O Abílio falou há algum tempo
que, como escritora, eu acerto a navalha quando falo de amor. Eu disse ao
Abílio que me empolgava a ideia de falar de amor como o João Cabral de Melo
Neto, na crueza anti-redentora do sentimento amoroso. Eu queria um amor que
comesse o meu nome como houve no conto “Os Três Mal Amados” do
raparigo.
Ficamos conversando sobre isso à
distância porque faz tempo eu vivo longe, numa cidade de pedra, onde o frio e
as gotas gélidas da chuva que resolveu chegar só agora se fazem imperiosos.
Falo com grande parte dos meus amigos por mensagens, áudios, pensamentos.

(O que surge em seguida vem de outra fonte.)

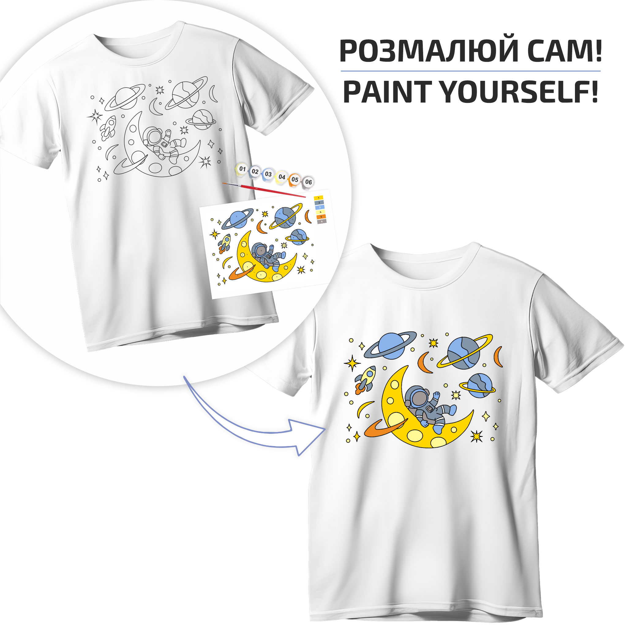 Set, T-Shirt painting „Space Adventures“, 100% Cotton, Size S, ROSA Talent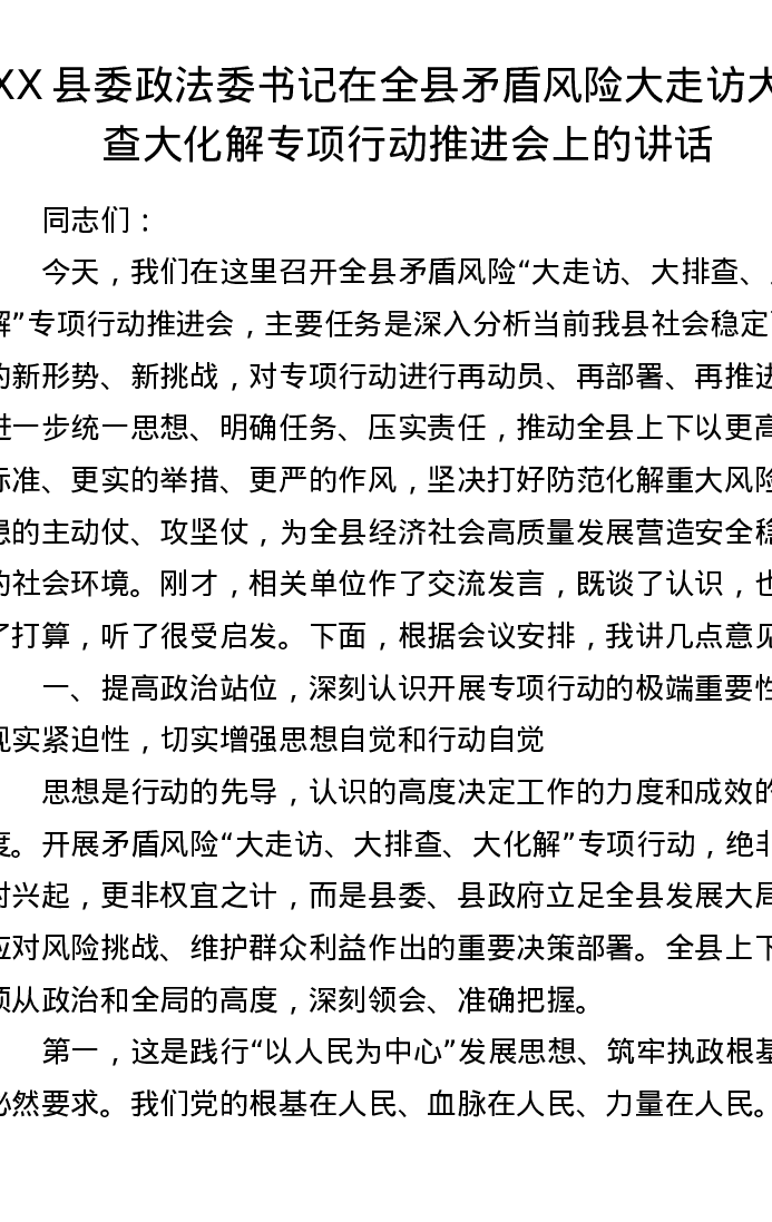 XX县委政法委书记在全县矛盾风险大走访大排查大化解专项行动推进会上的讲话2

Toda
a sorte de recursos que se façam cura para uma saudade que, me atemoriza essa
ideia, ainda está na infância uma vez que dificilmente eu voltarei a morar em
Belém. Uma saudade que vai crescer, amadurecer, se perpetuar e morrer – na leva
dos dias em que poderemos nos reencontrar, os amigos todos, em uma cerveja na
beira do rio Guamá, ali naquela nossa barraca do Ver-o-Peso. Essa que a gente
elegeu mais recentemente mesmo, na qual nos despejamos horas a fio em risadas e
conversações a respeito das coisas que se passam mundo afora – esse único
ambiente que nos é comum pelo acaso de termos nos encontrado em vida no mesmo
espaço-tempo histórico.
Nesse nosso encontro próximo eu
vou dizer ao Abílio que choro de amor, mas só porque todas as pessoas que amei
sempre me amaram muito. E por isso eu gosto tanto do amor, porque tive o
privilégio de ser amada.
Falei pra Laurinha, esses tempos:
eu gosto de gostar. Eu amo amar.
Em meu peito uns coveiros abrem a pauladas um buraco enorme
quando um namoro, um caso, um romance acaba, porque parece que já não há
sustento físico para o exercício daquilo que há de melhor em mim, ainda que eu
aja muitas vezes aos trancos e barrancos, sem saber como manipular a ferramenta
amorosa. Porque como todo mundo, quedo a chafurdar em erros obtusos, os vícios
terríveis e violentos disso que chamam humanidade. Mas que bom que posso dizer:
eu fui feliz.
Eu fui feliz, sim.
Agora, no entanto, meu único
desejo é que essa chuva triste de São Paulo acabe. Queria que o clima fosse
generoso e se apaziguasse num céu azul com sol brilhante, que meus cabelos
secassem rapidamente como em Belém. Eu só queria mesmo que a Clarisse me
trouxesse um guarda-chuva.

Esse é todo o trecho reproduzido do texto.